Regularization linear model
Article Directory
1.Ridge Regression (ridge regression, also known Tikhonov regularization)
+ L2 regular linear regression
Specific loss function
+ = Loss function objective function regularization term
Ridge regression is a regular version of linear regression, is added regularization (regularization term) in the cost function of the original linear regression in:
to achieve at the same time fit the data, the model weights as small as possible purpose, ridge regression cost function :
which is
- α = 0: Ridge regression is a linear regression degenerate
2.Lasso return
Linear regression + L1 canonical
Lasso return is another regular version of linear regression, regular ℓ1 entry for the weight vector norm.
The cost Lasso regression function:
【note】
- Lasso Regression cost function at θi = 0 is a non-conductive.

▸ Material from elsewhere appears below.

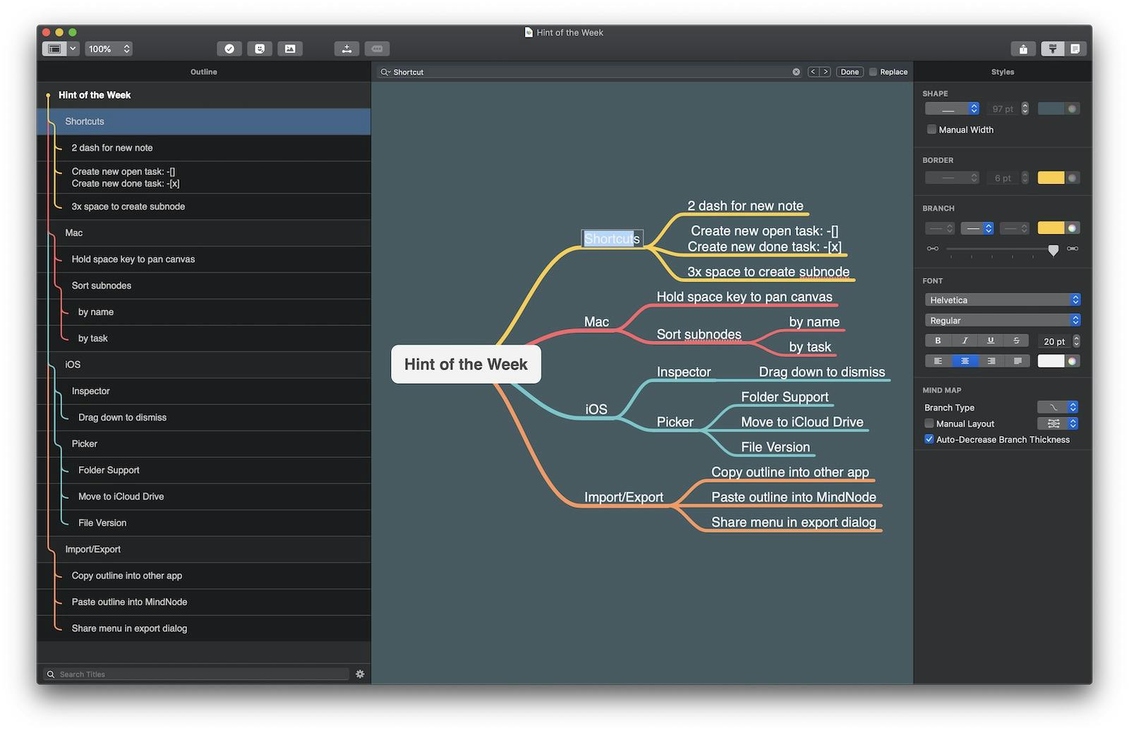 All new lightweight design that is a perfect fit for iOS 11 and the brand new iPhone X. Collapsed panels allow easy access to important shortcuts. Expanded panels host inspector, outline and the all new actions panel. The actions panel gives access to new and relevant actions like "Sort Subnodes Alphabetically", "Zoom to Fit", and "Add new parent node".

- Solution: θi = 0 at a time instead of a gradient of the gradient vector (subgradient vector), the following formula
- Lasso Regression secondary gradient vector
Lasso Regression There is a very important property: tend to completely eliminate unimportant weights.

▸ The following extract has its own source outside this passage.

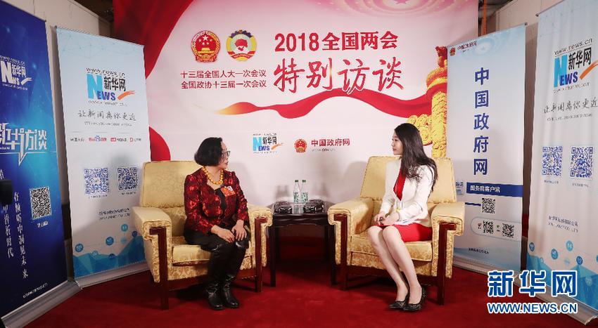 3月5日,全國人大代表、河北蔚縣周淑英剪紙藝術館館長周淑英到設在人民大會堂的新華網兩會特別訪談演播廳接受專訪。新華網 王翰林 攝

For example: when the α value is relatively large, the degradation of the secondary even order polynomial is linear: the right order polynomial feature weight is set to zero.
That is, Lasso Regression feature selection can be automatically performed, and outputs a sparse model (only a few of which the right weight is non-zero).
3. resilient network
The first two fused together, ridge regression + Lasso return
Flexible Network Lasso and Ridge Regression Regression was compromise, by ratio (mix ratio) r Mixed control:
- r = 0: the network becomes resilient ridge regression
- r = 1: elastic network will return to Lasso
Resilient network cost function:
In general, we should avoid the use of simple linear regression , and response to model certain regularization process, that how to choose the regularization methods?
summary:
-
Common: ridge regression
-
Assuming that only a small portion of the feature is useful:
- Elastic Network
- Lasso
- In general, the more extensive use of network resiliency. Because the characteristic dimension greater than the number of training samples, or characterized by strong relevant circumstances, Lasso return performance is not stable.
-
api:
-
from sklearn.linear_model import Ridge, ElasticNet, Lasso
-
4.Early Stopping
Strictly speaking not a regularization
Early Stopping is one of regularization iterative learning method.
Its approach is: to stop training in validation error rate reaches a minimum of time.